"Ümitvar olunuz, şu istikbal inkılâbı içinde en yüksek gür sada İslâm'ın sadası olacaktır."

Piyasalar

Yığınla sorun varken

Mehmet KARA
10 Ocak 2021, Pazar
Türkiye yeni yıla birçok sorunla girdi. Zaten bozulan ekonomik dengeler koronavirüs salgını ile birlikte daha da bozuldu. Enflasyon çift hanelere çıkarken, özellikle genç işsizlik resmî rakamlara göre yüzde 30’lara tırmandı. Hayat pahalılığı sebebiyle yoksulluk çok arttı. Askıda ekmek uygulaması kampanyaları başlarken insanlar kuru ekmeğe muhtaç hale geldi. Hiçbir geliri olmayanlar komşu ve ailelerinin yardımı ile ayakta durmaya çalışıyor.

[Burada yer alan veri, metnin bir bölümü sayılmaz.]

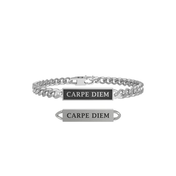 Bracciale Da Uomo Di Kidult Della Collezione Philosophy. Bracciale In Acciaio Satinato Con Catena Groumette E Piastra Rettangolare Di Colore Nero... La Frase Incisa È: Vivi, Agisci, Ora, Adesso. Perché Il Passato È Passato E Domani Sarà Già Troppo Tardi. La Vita È Una Sola E Ogni Istante Merita Di Essere Vissuto Al Massimo.. Materiale: Acciaio 316L Con Pvd Nero. Gioiello Con Chiusura Con Moschettone. Misura Unica, Lunghezza 21 Cm. La Referenza È 731805 Questo bracciale verrà spedito con Scatola Originale Kidult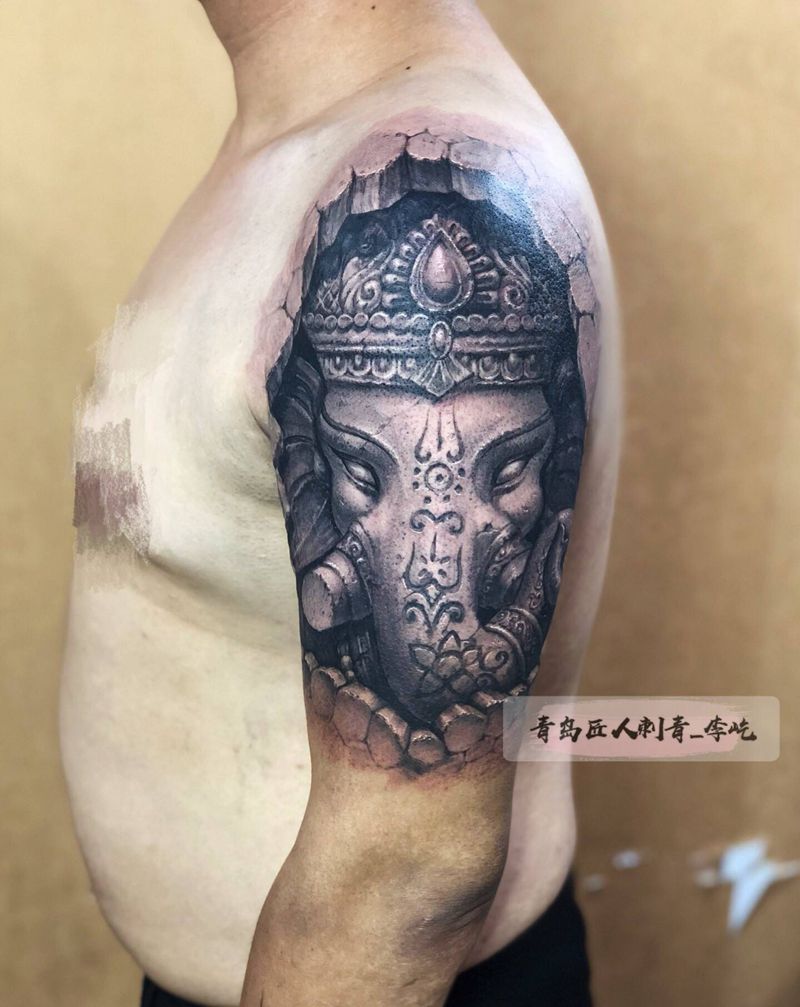 石雕象神纹身图片_手臂新传统欧美写实象神纹身图案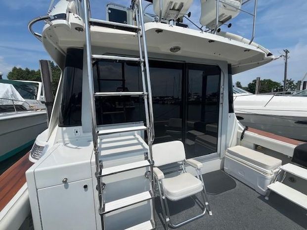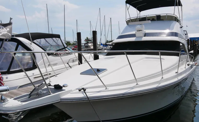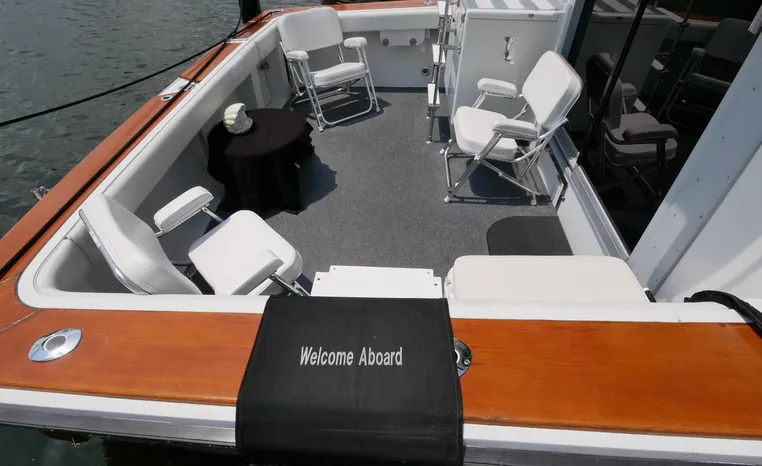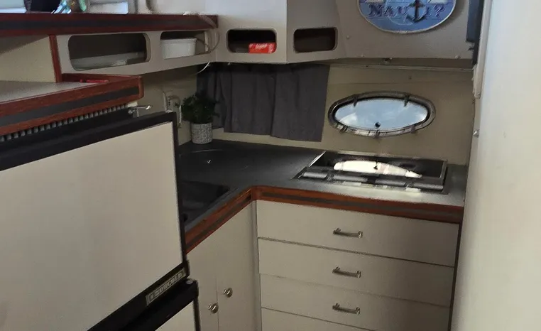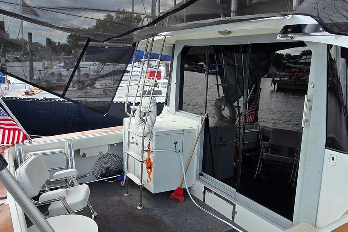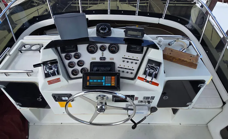 Stretched version of Trojan's earlier 10 Meter Sedan (1982 to 1989) boasts larger cockpit, increased fuel capacity. Standard single-stateroom interior with expansive salon was updated in 1989 to include a stall shower in the head -- A modification that took some elbow space out of the bow stateroom. Two-stateroom floorplan also became available in 1989. Standard 350hp gas engines cruise at 17-18 knots and reach a top speed in the mid 20s.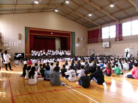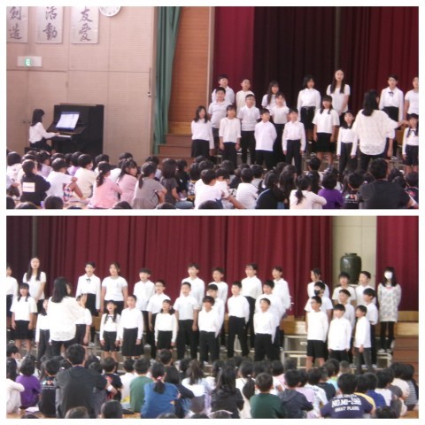 今日は5年生が参加する連合音楽会の壮行会が行われました。

Doğal gaz, elektrik ve su faturaları kabarık gelirken, faturalar ödenememesinden dolayı kapanıyor. Asgarî ücrete getirilen zamdan sonra emeklilere gelen zam asgarî ücretin çok gerisinde kaldı. Memurlar yüzde 7.5 zamma itiraz ediyor. Çalışanlar ve emekliler, gelen ve gelecek zamların güncellenmesini istiyorsa da bunun olması zor görünüyor. Hem asgarî ücret, hem emekli, hem de memurların maaşları “yoksulluk sınırı”nın çok altında…

***

2021’E BAŞÖRTÜSÜ, DARBE, ATAMA TARTIŞMALARI İLE GİRDİK!

Milletin gündeminde bunlar varken, Türkiye 2021 yılına “gerilimlerle”girdi.

Kültür eski Bakanı Fikri Sağlar’ın başörtülü hâkimler üzerinden yaptığı ve büyük tepki çeken açıklamasından sonra, Genelkurmay eski Başkanı İlker Başbuğ’un Merhum Başbakan Adnan Menderes’in darbeden üç gün önce “erken seçim kararı alması durumunda 1960 darbesinin olmayacağı” yönündeki açıklamaları ile “darbe” tartışmaları, ardından da Boğaziçi Üniversitesi’ne Prof. Dr. Melih Bulu’nun “atanması” ile gerilip iyice tırmandırıldı. 

Başörtüsü, darbe gibi konular gündeme gelince iktidar açısından yakıcı ekonomik gündemin unutulduğu sanılıyor. Bu geçici gündeme adeta can simidi gibi sarınılıyor. Türkiye’nin yıllar önce aştığı “başörtüsü” meselesi eski bir bakanın sözleri ile alevlendirilirken, darbe tartışması ise büyütülmeye çalışılıyor. Oysa, başörtüsü tartışması Türkiye’nin yoksulluğunu, işsizliğini, sıkıntılarını çözecek bir tartışma olarak görülmüyor.  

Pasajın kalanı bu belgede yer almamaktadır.